# Crow hunting.



## jcdona (Sep 22, 2016)

Crow season starts Nov. 5. Is it legal to shoot them before that if they are damaging your crops.


----------



## across the river (Sep 22, 2016)

The stuff is often in the regulations if you take the time to read them.

NUISANCE
Crows have a reputation as agricultural pests and predators on songbirds and various other wildlife species. In this regard humans have often attempted to control their numbers. However, crow populations have remained stable and even increased in many areas, which is a testament to their adaptability. At present in Georgia crows can be controlled by lethal means anytime they are causing damage to agricultural crops.


----------



## jcdona (Sep 23, 2016)

Is there anyone in South GA that hunts crows looking for somewhere go.


----------



## chrisn1818 (Sep 23, 2016)

If you will kill one or two and hang them up the others will stay away. My grandpa used to kill a few and hang them around his garden. Always seemed to work for him.


----------



## oops1 (Sep 23, 2016)

If you clip one and get him squawking.. The sky will turn black with them.. Good times


----------



## jcdona (Sep 23, 2016)

There is about 200/300 in our plowed up peanut field every day. Then on to the pecan orchard. Will be hauling them off in a couple weeks.


----------



## one hogman (Sep 23, 2016)

After deer season, we set up in the thick pines with electronic and mouth calls, you call a few in then move a few hundred yards and do it again, lots of fun, shooting is best early season but we can't mess up the deer hunting


----------



## ronmac13 (Sep 26, 2016)

Where in south ga


----------



## Barebowyer (Sep 26, 2016)

How far South? PM me the info please


----------



## jcdona (Sep 26, 2016)

Mitchell Co. West of Camilla in hopeful.


----------



## jcdona (Sep 27, 2016)

Sorry barebowyer my phone won't let me message you. Will try on the computer tomorrow night.


----------



## jp233 (Nov 14, 2016)

Anyone have a good crow guide they can recommend? 
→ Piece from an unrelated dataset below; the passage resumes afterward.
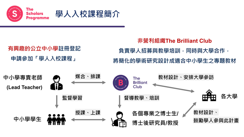 不僅提倡升學體制裡資源不平等的議題,The Brilliant Club更實際串聯了大專院校以及中小學,把平日在大學裡做研究的博士生、博士後研究員、以及教授,用兼職的方式媒合至中小學為弱勢孩子服務,讓這些學人(scholars)可以為教育不平等現況盡一點心力。這樣的計畫稱為「學人入校課程」(The Scholars Programme),The Brilliant Club會與各大學合作,邀請有意將自己的研究領域介紹給中小學生的學人,共同設計適合中小學生程度的專題教材。

We've been trying to get in touch with the "Crow Whisperer" Jerry Tomlin, but to no avail. I had a buddy who hunted with him and it was a hoot. Much success.

Or, if no crow guides really exist anymore does anyone within about 2.5 hrs of say, the Gold Dome in downtown Atlanta, need to have some folks come in and take out some crows?


----------



## JohnK (Nov 15, 2016)

Just run a crow fight on an ecaller. They should start showing up after a few minutes .


----------



## NE GA Pappy (Nov 15, 2016)

it won't take a few minutes, but make doggone sure you get the first one that comes in. They send in a scout, and if you don't get him, you won't get many shots at any others.  If you can get a cripple on the ground squawking and jumping around, you will practical melt your gun barrel off in about 10  minutes you will have so many of them around.


----------